Unlike decimals or fractions, integers do not have fractional or decimal parts. They are used in a wide variety of contexts, including counting, ordering, and in arithmetic operations.
In the context of our problem, integers are those input values of \( n \) we are interested in. Specifically, we focus on positive integers, from a certain point \( j \) and beyond, since integers are discrete, ensuring we find the smallest one satisfying the condition. This leads us through the determination of \( j \) where \( n^2 \leq 2^n \) is true for all \( n \geq j \).
- Whole, non-fractional numbers
- Include negatives, zero, and positives
- Vital for counting and ordering
Power Comparison
When comparing powers of numbers, specifically looking at expressions like \( n^2 \) against \( 2^n \), it means observing how quickly these quantities grow as \( n \) increases. Functions involving exponents can increase very rapidly compared to polynomial functions.
For our inequality problem, when comparing \( n^2 \) and \( 2^n \), it is essential to realize that, generally, exponential functions will eventually outpace polynomial functions.
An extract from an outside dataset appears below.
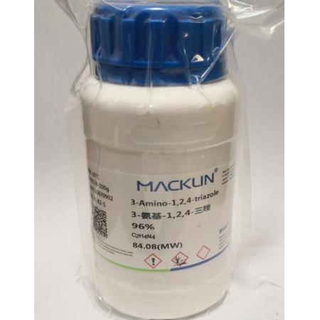 中文名称 3-氨基-1H-1,2,4-三氮唑;3-氨基-1H-1,2,4-三唑;3-氨基-1,2,4-三氮茂;3-氨基-1,2,4-三唑;-氨基-1,2,4-三氮杂茂;杀草强;3-AT英文名称 3-Amino-1H-1,2,4-triazole;3-Amino-1H-1,2,4-triazole;3-Amino-1,2,4-Triazole;Amitrole;Amitrol;Aminotriazole;3-AT分子式 C2H4N4分子量 84.08CAS号 61-82-5危险性质 非危险化学品质检信息质检项目 指标值含量,% ≥96.0%PSA: 56.73000LOGP: -0.42690化学特性3-氨基-1,2,4-三唑是一种白色结晶性粉末。溶于水、甲醇、乙醇及氯仿,不溶于乙醚及丙酮。密度1.138沸点244.9ºC at 760 mmHg熔点150-153 °C(lit.)闪点101.9ºC折射率1.739水溶解性280 g/L (20 ºC)。

This is manifestly evident as you compute higher and higher powers of two, observing where it overcomes each square of the same integer.
The dynamics between how \( n^2 \) increases (a quadratic growth) and \( 2^n \) (an exponential growth) reveal why the inequality consistently holds past a certain point. Understanding this concept helps predict the behavior and the magnitude of these expressions as \( n \) grows.
For our inequality problem, when comparing \( n^2 \) and \( 2^n \), it is essential to realize that, generally, exponential functions will eventually outpace polynomial functions. This is manifestly evident as you compute higher and higher powers of two, observing where it overcomes each square of the same integer.
The dynamics between how \( n^2 \) increases (a quadratic growth) and \( 2^n \) (an exponential growth) reveal why the inequality consistently holds past a certain point. Understanding this concept helps predict the behavior and the magnitude of these expressions as \( n \) grows.
Inductive Hypothesis
The inductive hypothesis is a cornerstone of mathematical induction, allowing you to prove statements for all integers sequentially. It acts as your assumptive step, where you believe that your inequality or statement is true for some integer \( k \).
In our case, the inductive hypothesis assumes that \( n^2 \leq 2^n \) is valid for some specific value \( n=k \). From this assumption, we prove that if it holds for \( n=k \), it must also be true for \( n=k+1 \). This chain reaction leads to the conclusion that the inequality is valid for all integers starting from the base integer \( j=4 \).
This method is built upon two key steps:
In our case, the inductive hypothesis assumes that \( n^2 \leq 2^n \) is valid for some specific value \( n=k \). From this assumption, we prove that if it holds for \( n=k \), it must also be true for \( n=k+1 \). This chain reaction leads to the conclusion that the inequality is valid for all integers starting from the base integer \( j=4 \).
This method is built upon two key steps:
- Base Case: Show the inequality holds for the starting integer \( j \).
- Inductive Step: Assume true for \( n=k \), and prove for \( n=k+1 \).